INICIAR SESIÓNCADEN.
Las puertas de la sala se abrieron y el murmullo de la congregación se amplificó. Resistí la tentación de girarme y mirar a mi novia forzada, mirando al frente mientras la suave música del cuarteto de cuerda subía a un crescendo.
No fue hasta que el aire a mi lado se movió y la parte inferior de su vestido rozó mis tobillos, que me volví hacia ella.
M****a.
Esperaba que ella viniera al altar como un saco de nervios y odio, pero vino lanzando golpes. Sólo me permití una breve mirada a su vestido y a su rostro antes de centrarme en el futuro.
Ella se veía increíble. Ella no tenía ningún derecho a hacerlo. Esperaba que ella estuviera en algún número de princesa o algo simple para evitar llamar la atención. No esperaba que apareciera con un vestido que me hiciera querer arrancárselo.
No había ninguna posibilidad de que eso ocurriera. La idea de tocar a un McGowan con algo más que el puño era incomprensible. Sin embargo, mi pene no pareció recibir la nota.
—Sigue adelante—, le dije al humanista mientras miraba el pecho de Maeve.
—Sí. Sí. por supuesto. — Se aclaró la garganta antes de lanzarse a su perorata. Me aseguré de que fuera lo más breve posible, centrándome principalmente en las obligaciones legales. Había insistido en que no hubiera lujos. Nada de ayunar con las manos, nada de anillos, nada de beber de un quaich. Apenas estuvimos allí para celebrar la unión de dos personas. Fue para todos menos para nosotros.
—Mirad uno frente al otro—, dijo el hombre y, de mala gana, obedecimos.

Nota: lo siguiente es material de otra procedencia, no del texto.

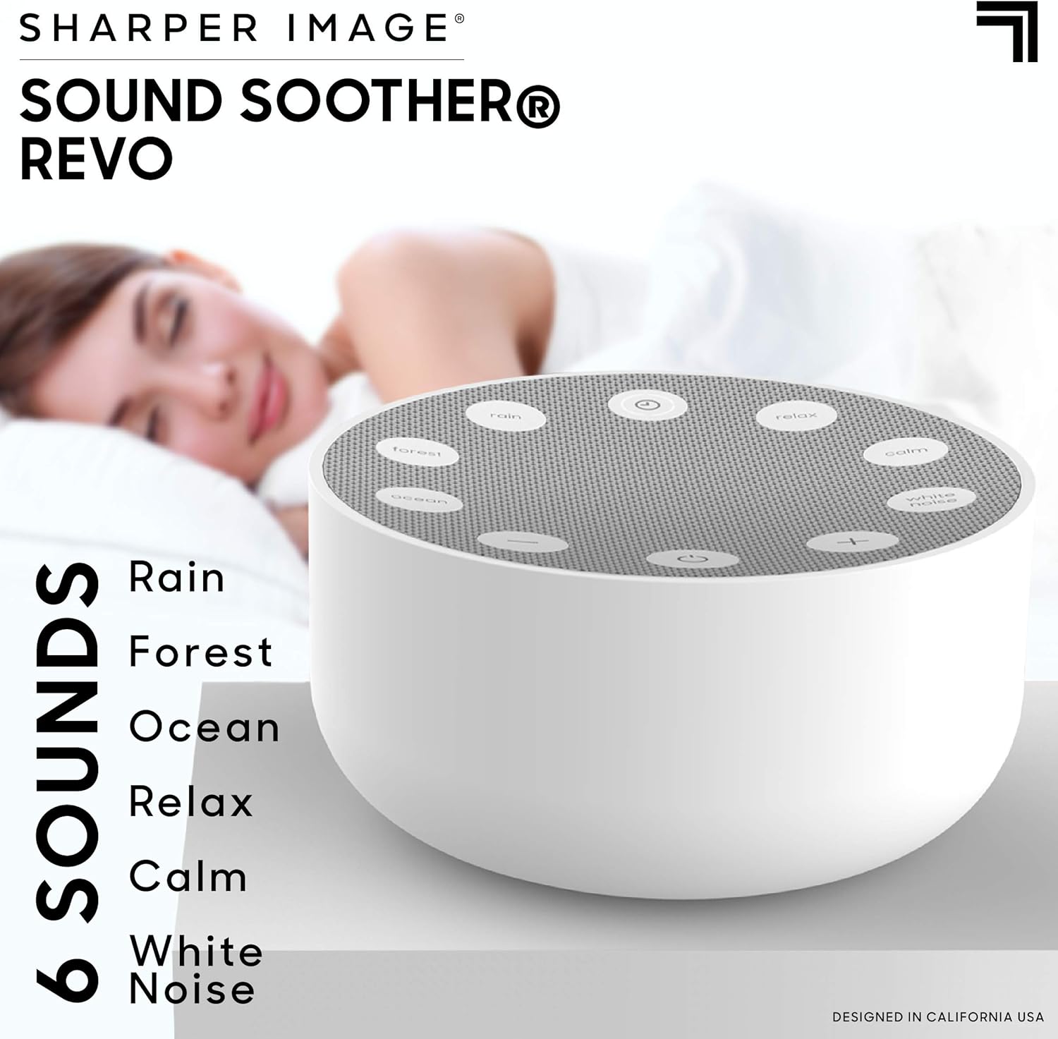 ✔ CALMING NATURE SOUNDS: Close your eyes and quiet you mind to the soothing sounds of nature, white noise, or one the relaxing melodies featured on the Sharper Image Sleep Therapy White Noise Machine.
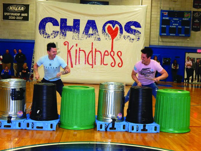 MERRIMACK – The secret that leaders from Recycled Percussion, junk rock band phenom, would perform at Merrimack High School was squelched until the Las Vegas celebrities commandeered the school’s loudspeaker.
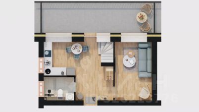 площадь нижнего уровня 32,82 кв м (кухня- гостиная + санузел)
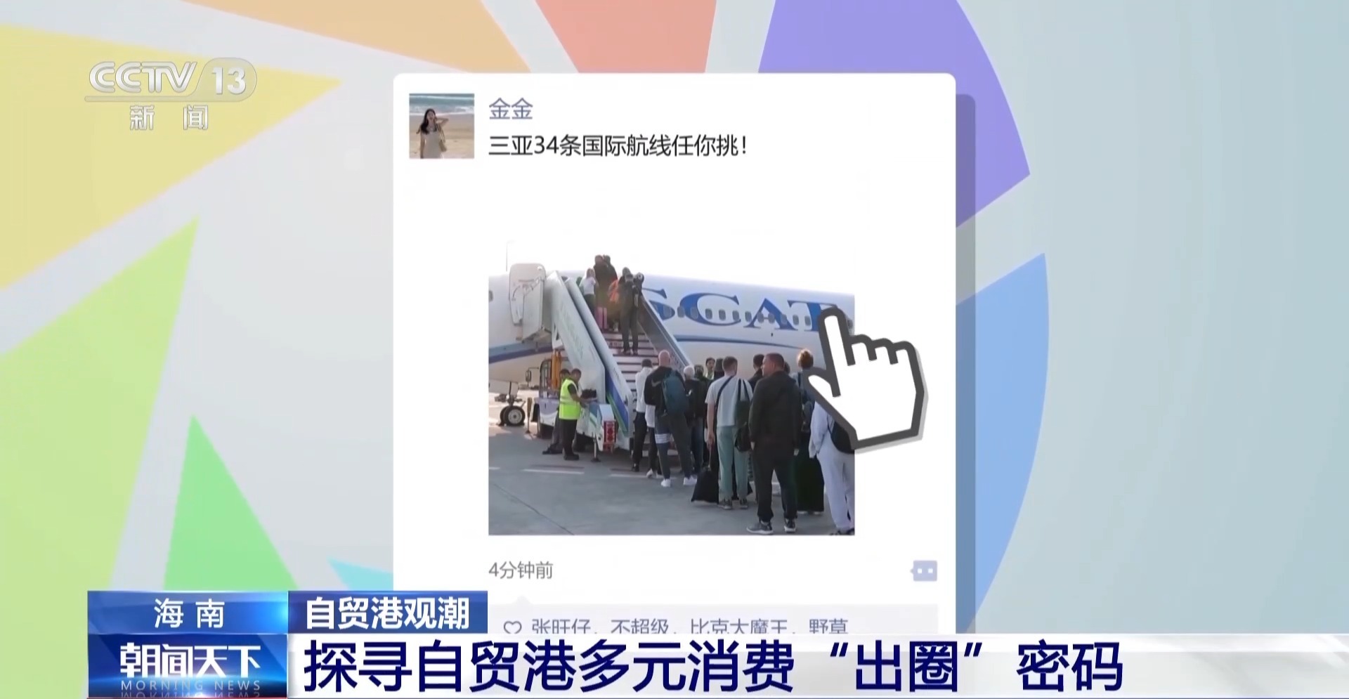 总台记者 金歆竹:海南自贸港封关以后,越来越多的国内外游客以及投资商汇聚海南,海南可以说是消费热、人气旺、产业兴。今天,就给大家翻翻海南自贸港旅文“朋友圈”。
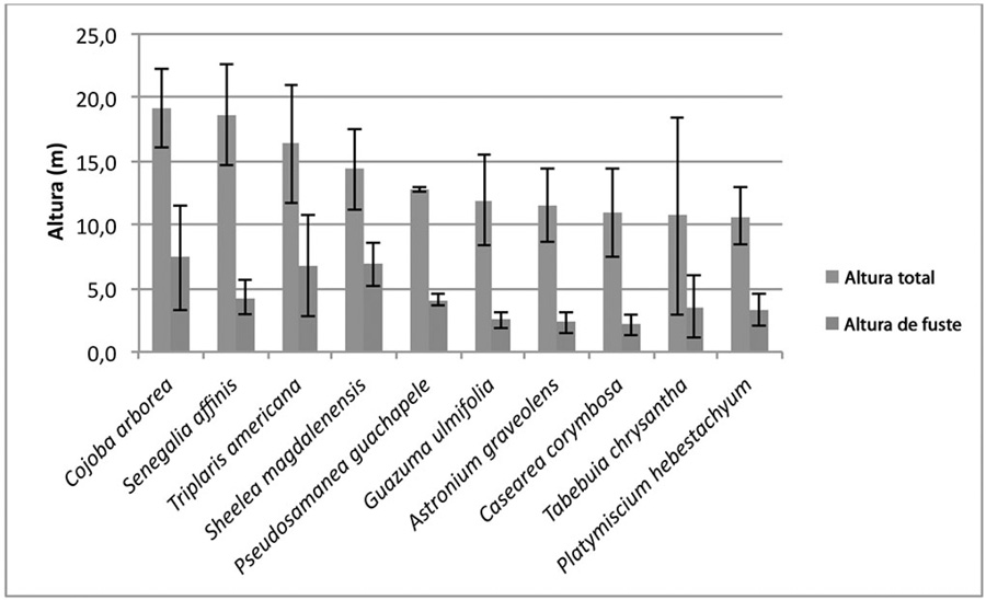 Cojoba arborea, Senegalia affinis, Pithecellobium dulce, Triplaris americana, Ficus sp., Sheelea magdalenensis y Pseudosamanea guachapele fueron las especies con mayor altura total y de fuste promedio (19,2 y 7,4 m; 18,6 y 4,3 m; 16,6 y 2,6 m; 16,4 y 6,8 m; 14,4 y 2,5 m; 14,3 y 6,9 m y 12,7 y 4,1 m, respectivamente; Figura 5).
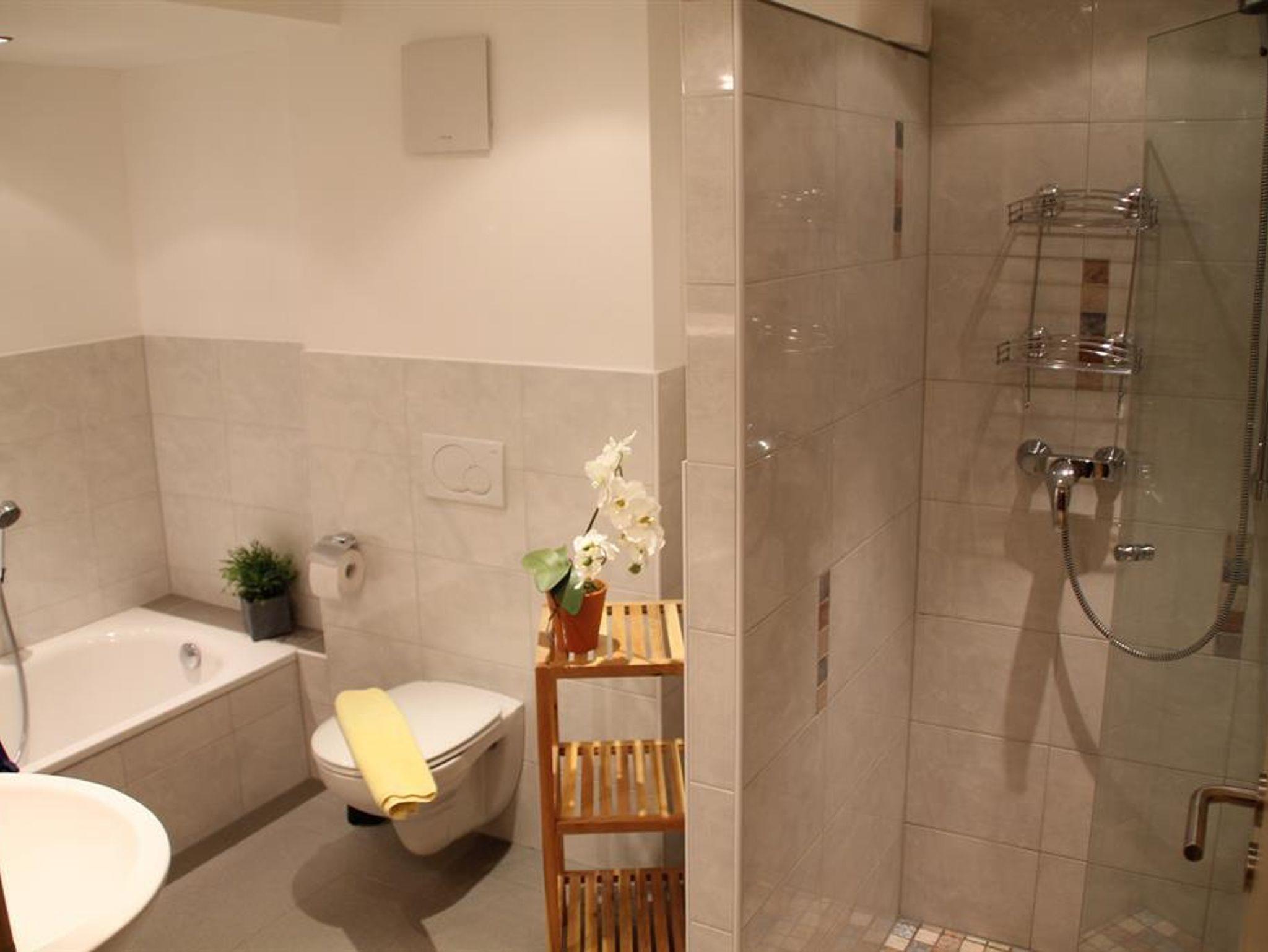 Unsere sehr geräumigen FeWos verfügen, je über eine komplett ausgestattete Wohn-Küche(E-herd mit Backofen, Geschirrspüler, Wasserkocher, Flachbildfernseher,ect.) die für bis zu fünf Personen reichlich Platz bieten. Im Badezimmer befinden sich neben einer großzügigen Dusche auch Badewanne, Föhn, Handtuchtrockner und Kosmetikspiegel. Die jeweils zwei seperaten Schlafzimmer verfügen über ein Doppelbett und großen Kleiderschrank.
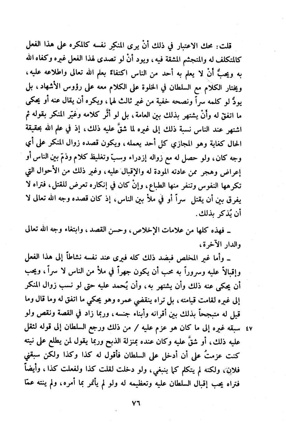 - وأما غير المخلص فبضد ذلك كله فيرى عند نفسه نشاطاً إلى هذا الفعل وإقبالاً عليه وسروراً به محب أن يكون جهراً في ملأ من الناس لا سراً، ويحب أن يحكى عنه ذلك وأن يشتهر به، وأن يُحمد عليه حتى لو نسب زوال المنكر إلى غيره لقامت قيامته، بل تراه ينقضي عمره وهو يحكي ما اتفق له وما قال وما قيل له متبجحاً بذلك بين أقرانه وأبناء جنسه، وربما زاد في القصة ونقص ولو سبقه غيره إلى ما كان هو عزم عليه/ من ذلك ورجع السلطان إلى قوله لثقل عليه ذلك، أو شق عليه وكان عنده بمنزلة الذبح وربما يقول لمن يطلع على نيته كنت عزمتُ على أن أدخل على السلطان فأقول له كذا وكذا ولكن سبقني فلان، ولكنه لم يتكلم كما ينبغي، ولو دخلت لقلت كذا ولفعلت كذا، وأيضاً فتراه يحب إقبال السلطان عليه وتعظيمه له ولو لم يأتمر بما أمره، ولم ينته عما
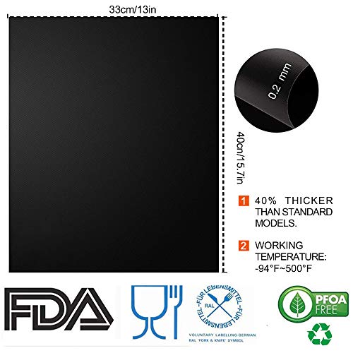 - OMOLOGAZIONE LFGB & FDA: I nostri tappetini per barbecue sono realizzati al 100% con materiali senza PFOA e con rivestimento in PTFE-fibra di vetro di alta qualità, senza PFOA, silicone o altri prodotti chimici pericolosi! Certificato come sicuro dalla FDA e LFGB approvato.
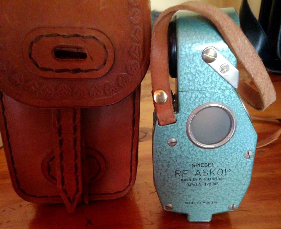 El aparato fue diseñado por el forestal austriaco Walter Bitterlich en 1954, para la realización de mediciones de distintos parámetros en el ámbito de los bosques. A pesar de los último avances tecnológicos, este instrumento mantiene su vigencia para la realización de determinadas mediciones forestales.
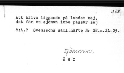 //// ^ Att bliva liggande på landet nej, //// det för en sjöman inte passar sej //// 6:4.? Svenssons saml.häfte Nr 26.s.24-25. ////
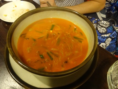カルビスープ↑(690円)は大き目でシェアしてもOK。チャージ料金は300円ですがドリンクバーが無料になります。

En realidad, era sorprendente lo poco que había que decir para casarse. Sólo una línea para unirnos cada uno, en lo que respecta al gobierno. Rechacé los juramentos de amor y abandoné a los demás, el honor y toda esa m****a. Yo era en gran medida un hombre de palabra y no tenía intención de cumplir ninguno de esos juramentos.
Maeve me miró a los ojos con la barbilla en alto y una determinación férrea en su rostro.
—Repite conmigo, querida. — El hombre le ordenó que siguiera sus palabras.
La voz de Maeve era clara y ligera mientras repetía sus frases palabra por palabra.
—Yo, Maeve McGowan, declaro solemne y sinceramente que no conozco ningún impedimento legal para aceptarte, Caden Anderson, como mi legítimo marido—. Sólo ante el marido su voz se quebró, desmintiendo sus nervios.
—Ahora tú, Caden—. El hombre se apresuró después de que mi padre mirara su reloj.
Mi cuello estaba húmedo debajo del cuello mientras miraba a Maeve. Esperando que se acobardara y corriera hacia la puerta. Cualquier cosa que me sacara de la boda sin que sea culpa mía. Pero ella no lo hizo. Ella seguía mirándome como si estuviera tallada en piedra.
Suspiré y cedí. No había forma de salir de eso.
—Yo, Caden Anderson, declaro solemne y sinceramente que no conozco ningún impedimento legal para aceptarte, Maeve McGowan, como mi legítima esposa—. La palabra fue amarga en mi lengua. No quería una esposa. El matrimonio era simplemente otra vulnerabilidad a la que no tenía intención de exponerme.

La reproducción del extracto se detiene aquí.